#### [Task]
Please repeat the whole listing exactly, but leave the pictures out.

#### [Dataset content]
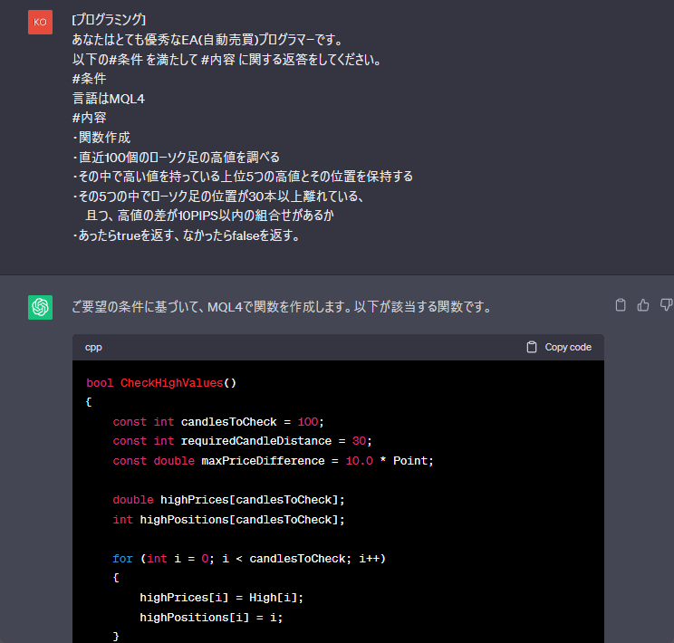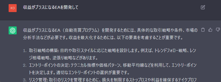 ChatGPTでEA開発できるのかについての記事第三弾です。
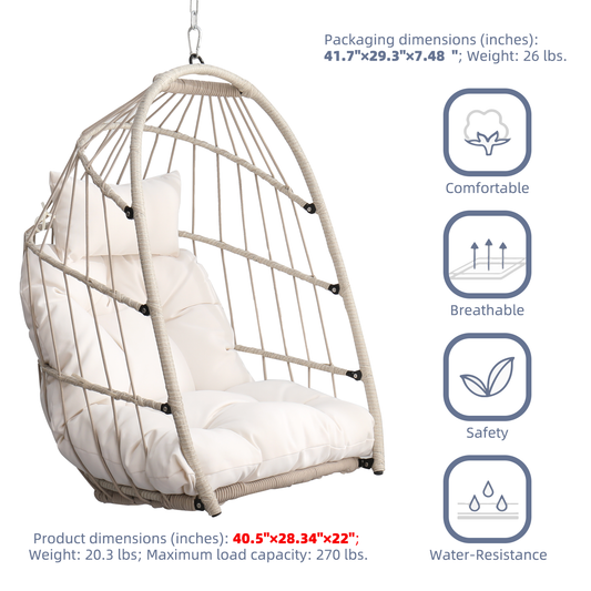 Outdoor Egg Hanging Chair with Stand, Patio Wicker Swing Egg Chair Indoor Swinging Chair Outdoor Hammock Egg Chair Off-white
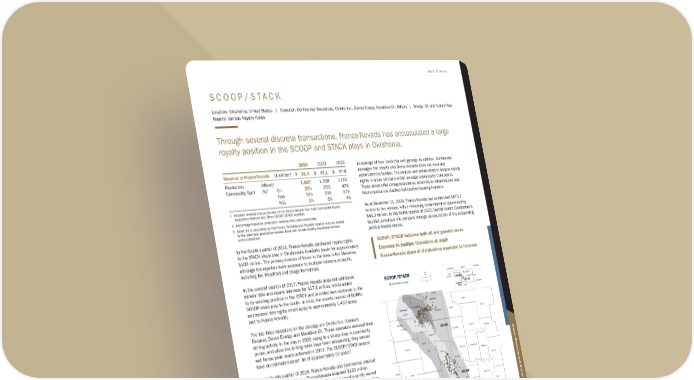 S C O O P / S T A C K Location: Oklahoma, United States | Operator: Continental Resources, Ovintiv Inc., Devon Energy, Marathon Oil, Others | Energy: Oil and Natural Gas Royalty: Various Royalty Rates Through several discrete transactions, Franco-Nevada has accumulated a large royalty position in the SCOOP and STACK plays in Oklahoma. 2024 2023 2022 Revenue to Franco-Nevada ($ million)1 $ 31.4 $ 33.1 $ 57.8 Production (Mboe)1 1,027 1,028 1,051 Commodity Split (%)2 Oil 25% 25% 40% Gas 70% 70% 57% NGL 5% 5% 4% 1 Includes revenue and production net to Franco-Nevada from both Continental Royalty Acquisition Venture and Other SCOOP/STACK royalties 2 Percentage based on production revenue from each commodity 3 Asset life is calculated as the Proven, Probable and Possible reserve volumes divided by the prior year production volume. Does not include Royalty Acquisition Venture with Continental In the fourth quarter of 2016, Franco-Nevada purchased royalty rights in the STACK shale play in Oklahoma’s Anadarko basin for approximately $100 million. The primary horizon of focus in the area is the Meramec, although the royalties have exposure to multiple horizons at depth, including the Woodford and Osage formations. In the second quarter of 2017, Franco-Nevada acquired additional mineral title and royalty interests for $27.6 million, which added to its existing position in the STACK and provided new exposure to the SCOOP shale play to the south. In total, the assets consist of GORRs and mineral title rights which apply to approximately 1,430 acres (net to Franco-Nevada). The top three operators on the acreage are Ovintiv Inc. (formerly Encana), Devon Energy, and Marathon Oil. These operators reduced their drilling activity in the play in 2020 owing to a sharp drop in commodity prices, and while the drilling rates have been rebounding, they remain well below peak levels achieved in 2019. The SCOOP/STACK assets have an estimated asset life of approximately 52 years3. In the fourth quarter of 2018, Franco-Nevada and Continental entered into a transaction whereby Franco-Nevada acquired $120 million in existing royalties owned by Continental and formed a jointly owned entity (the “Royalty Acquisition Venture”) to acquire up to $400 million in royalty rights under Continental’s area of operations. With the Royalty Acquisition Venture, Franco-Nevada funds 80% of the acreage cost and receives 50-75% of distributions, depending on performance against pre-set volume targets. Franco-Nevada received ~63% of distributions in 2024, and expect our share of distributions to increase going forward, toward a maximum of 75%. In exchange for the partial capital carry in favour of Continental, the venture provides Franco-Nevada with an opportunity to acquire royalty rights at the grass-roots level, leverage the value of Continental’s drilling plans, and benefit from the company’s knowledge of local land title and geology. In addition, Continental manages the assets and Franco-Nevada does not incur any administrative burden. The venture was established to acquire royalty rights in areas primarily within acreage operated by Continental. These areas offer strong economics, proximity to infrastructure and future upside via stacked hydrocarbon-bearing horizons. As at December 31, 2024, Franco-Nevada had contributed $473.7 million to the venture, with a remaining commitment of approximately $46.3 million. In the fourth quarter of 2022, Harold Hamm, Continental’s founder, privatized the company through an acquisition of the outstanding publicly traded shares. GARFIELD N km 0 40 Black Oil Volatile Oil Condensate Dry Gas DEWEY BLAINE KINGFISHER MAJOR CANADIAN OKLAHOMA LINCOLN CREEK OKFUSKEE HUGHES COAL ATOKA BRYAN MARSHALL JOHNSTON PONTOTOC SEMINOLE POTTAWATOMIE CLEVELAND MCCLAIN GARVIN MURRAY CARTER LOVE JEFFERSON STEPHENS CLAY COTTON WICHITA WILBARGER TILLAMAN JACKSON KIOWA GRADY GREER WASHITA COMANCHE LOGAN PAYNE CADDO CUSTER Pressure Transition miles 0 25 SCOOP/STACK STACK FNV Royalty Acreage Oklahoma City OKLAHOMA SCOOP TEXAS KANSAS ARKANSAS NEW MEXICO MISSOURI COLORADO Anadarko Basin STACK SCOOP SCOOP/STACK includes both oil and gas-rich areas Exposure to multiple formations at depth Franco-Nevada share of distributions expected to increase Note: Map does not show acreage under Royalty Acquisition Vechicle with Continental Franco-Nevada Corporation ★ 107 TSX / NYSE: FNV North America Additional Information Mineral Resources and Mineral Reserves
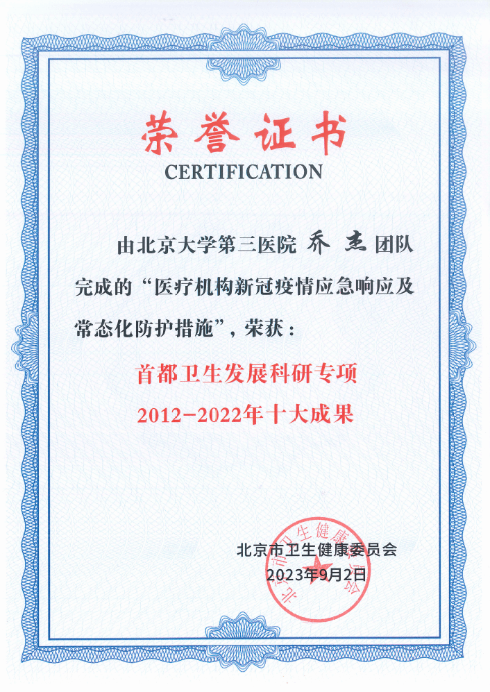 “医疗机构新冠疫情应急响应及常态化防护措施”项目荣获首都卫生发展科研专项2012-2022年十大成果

#### [Response area]
 ChatGPTでEA開発できるのかについての記事第三弾です。
 Outdoor Egg Hanging Chair with Stand, Patio Wicker Swing Egg Chair Indoor Swinging Chair Outdoor Hammock Egg Chair Off-white
 S C O O P / S T A C K Location: Oklahoma, United States | Operator: Continental Resources, Ovintiv Inc., Devon Energy, Marathon Oil, Others | Energy: Oil and Natural Gas Royalty: Various Royalty Rates Through several discrete transactions, Franco-Nevada has accumulated a large royalty position in the SCOOP and STACK plays in Oklahoma. 2024 2023 2022 Revenue to Franco-Nevada ($ million)1 $ 31.4 $ 33.1 $ 57.8 Production (Mboe)1 1,027 1,028 1,051 Commodity Split (%)2 Oil 25% 25% 40% Gas 70% 70% 57% NGL 5% 5% 4% 1 Includes revenue and production net to Franco-Nevada from both Continental Royalty Acquisition Venture and Other SCOOP/STACK royalties 2 Percentage based on production revenue from each commodity 3 Asset life is calculated as the Proven, Probable and Possible reserve volumes divided by the prior year production volume. Does not include Royalty Acquisition Venture with Continental In the fourth quarter of 2016, Franco-Nevada purchased royalty rights in the STACK shale play in Oklahoma’s Anadarko basin for approximately $100 million. The primary horizon of focus in the area is the Meramec, although the royalties have exposure to multiple horizons at depth, including the Woodford and Osage formations. In the second quarter of 2017, Franco-Nevada acquired additional mineral title and royalty interests for $27.6 million, which added to its existing position in the STACK and provided new exposure to the SCOOP shale play to the south. In total, the assets consist of GORRs and mineral title rights which apply to approximately 1,430 acres (net to Franco-Nevada). The top three operators on the acreage are Ovintiv Inc. (formerly Encana), Devon Energy, and Marathon Oil. These operators reduced their drilling activity in the play in 2020 owing to a sharp drop in commodity prices, and while the drilling rates have been rebounding, they remain well below peak levels achieved in 2019. The SCOOP/STACK assets have an estimated asset life of approximately 52 years3. In the fourth quarter of 2018, Franco-Nevada and Continental entered into a transaction whereby Franco-Nevada acquired $120 million in existing royalties owned by Continental and formed a jointly owned entity (the “Royalty Acquisition Venture”) to acquire up to $400 million in royalty rights under Continental’s area of operations. With the Royalty Acquisition Venture, Franco-Nevada funds 80% of the acreage cost and receives 50-75% of distributions, depending on performance against pre-set volume targets. Franco-Nevada received ~63% of distributions in 2024, and expect our share of distributions to increase going forward, toward a maximum of 75%. In exchange for the partial capital carry in favour of Continental, the venture provides Franco-Nevada with an opportunity to acquire royalty rights at the grass-roots level, leverage the value of Continental’s drilling plans, and benefit from the company’s knowledge of local land title and geology. In addition, Continental manages the assets and Franco-Nevada does not incur any administrative burden. The venture was established to acquire royalty rights in areas primarily within acreage operated by Continental. These areas offer strong economics, proximity to infrastructure and future upside via stacked hydrocarbon-bearing horizons. As at December 31, 2024, Franco-Nevada had contributed $473.7 million to the venture, with a remaining commitment of approximately $46.3 million. In the fourth quarter of 2022, Harold Hamm, Continental’s founder, privatized the company through an acquisition of the outstanding publicly traded shares. GARFIELD N km 0 40 Black Oil Volatile Oil Condensate Dry Gas DEWEY BLAINE KINGFISHER MAJOR CANADIAN OKLAHOMA LINCOLN CREEK OKFUSKEE HUGHES COAL ATOKA BRYAN MARSHALL JOHNSTON PONTOTOC SEMINOLE POTTAWATOMIE CLEVELAND MCCLAIN GARVIN MURRAY CARTER LOVE JEFFERSON STEPHENS CLAY COTTON WICHITA WILBARGER TILLAMAN JACKSON KIOWA GRADY GREER WASHITA COMANCHE LOGAN PAYNE CADDO CUSTER Pressure Transition miles 0 25 SCOOP/STACK STACK FNV Royalty Acreage Oklahoma City OKLAHOMA SCOOP TEXAS KANSAS ARKANSAS NEW MEXICO MISSOURI COLORADO Anadarko Basin STACK SCOOP SCOOP/STACK includes both oil and gas-rich areas Exposure to multiple formations at depth Franco-Nevada share of distributions expected to increase Note: Map does not show acreage under Royalty Acquisition Vechicle with Continental Franco-Nevada Corporation ★ 107 TSX / NYSE: FNV North America Additional Information Mineral Resources and Mineral Reserves
 “医疗机构新冠疫情应急响应及常态化防护措施”项目荣获首都卫生发展科研专项2012-2022年十大成果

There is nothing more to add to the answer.